Agda is the intellectual descendant of the Automath project of N.G. de Bruijn, the first attempt to encode all of mathematics in a formal language, and of the Martin-Löf type theory that grounded constructive mathematics in a computational semantics. It sits in the same lineage as Coq and Lean but distinguishes itself by its focus on programming: Agda is designed to be a language in which one writes executable code first and proves properties about it second, rather than a proof assistant in which one writes theorems first and extracts programs from them second. The distinction is subtle but consequential: Agda's programming model is not an afterthought but the organizing principle.
Dependent Types
The defining feature of Agda is dependent types: types that depend on values. In a conventional type system, a type like `List Int` is a type constructor applied to a type argument. In a dependent type system, a type like `Vec Int n` is a type constructor applied to a type argument `Int` and a value argument `n` — the length of the vector. The type `Vec Int 3` is inhabited only by vectors of length 3. The type system knows the length at compile time, and operations that require matching lengths — like concatenation or zip — are type-safe by construction.

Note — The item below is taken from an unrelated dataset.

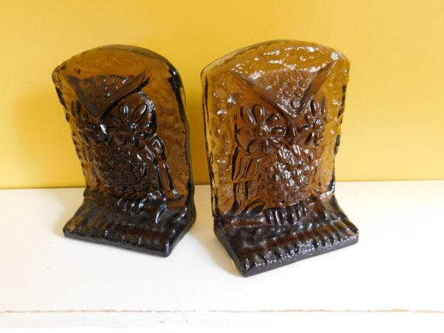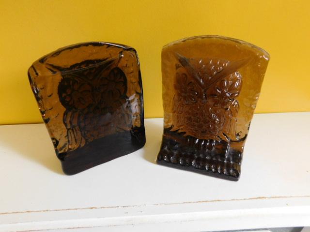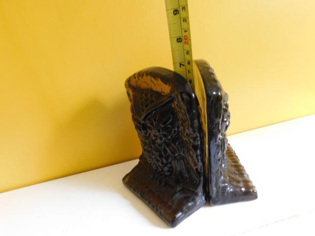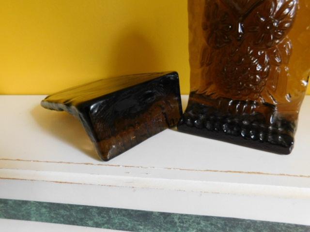 Vintage Amber Glass Owl Bookends 7" x 5" in good condition
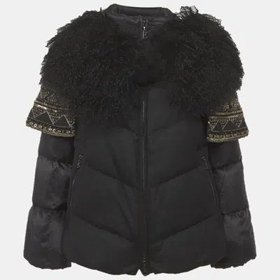 Pre-owned Sonia Black Wool Fur Trim Zip-up Puffer Jacket S

This is not merely a convenience. It is a shift in the locus of correctness. In a conventional language, the property "this list has length 3" is a runtime invariant that must be checked with assertions or tests. In Agda, it is a compile-time property that is enforced by the type checker. The program cannot represent a vector of the wrong length; the type system makes it unrepresentable. The space of well-typed programs is the space of correct programs, and the compiler's job is to ensure that no program outside this space can be executed.
The cost of this power is that the programmer must write more type information. Agda is not a language for rapid prototyping; it is a language for building systems where the cost of a bug exceeds the cost of proving correctness. The CompCert verified C compiler, the seL4 microkernel, and the proof of the Four-Color Theorem in Coq all demonstrate that full formal verification is possible. Agda extends this possibility to programs that are not just correct but correct by their very structure.
The Curry-Howard Correspondence in Agda
Agda's type system is a direct implementation of the Curry-Howard correspondence: propositions are types, proofs are programs, and proof checking is type checking. A proof of the proposition "for all natural numbers n, n + 0 = n" is a function that takes a natural number n and returns a proof that n + 0 = n. The proof is not a separate document; it is the program itself. The compiler checks the proof by type-checking the program.
This integration of programming and proving is what makes Agda a tool for correct-by-construction software engineering. The specification is not a comment or a test case; it is the type of the function. The implementation is not a separate artifact; it is the proof that the specification is satisfiable. The two are inseparable, and the compiler ensures that they are consistent. This is the formal realization of Dijkstra's dictum that program testing can show the presence of bugs but never their absence: in Agda, the absence of bugs is a theorem, and the compiler is the proof checker.
Agda in Practice
Agda is used in research and in critical system development where correctness is paramount. It has been used to formalize category theory, homotopy type theory, and constructive mathematics. It has been used to verify compiler correctness, protocol security, and type system soundness. Its community is smaller than Coq's or Lean's, but its design philosophy — programming as proving — has influenced the broader ecosystem of formally verified software.
The practical challenge of Agda is not the language itself but the expertise required to use it. Dependent types are conceptually demanding, and the error messages of a type checker that is also a proof checker are not always intuitive. A type error in Agda is not "you passed a string where an int was expected"; it is "your proof does not establish the proposition you claimed." The learning curve is steep, but the payoff is software that is correct by construction — not tested, not reviewed, but proved.
The systems-theoretic significance of Agda is that it treats correctness as a structural property rather than a behavioral one. A correct system is not one that happens to produce the right outputs on the tests we ran; it is one that cannot produce the wrong outputs because the space of possible outputs has been constrained by the type system. This is a radical reconceptualization of software engineering: from empirical validation to mathematical proof, from testing to theorem proving, from hope to demonstration.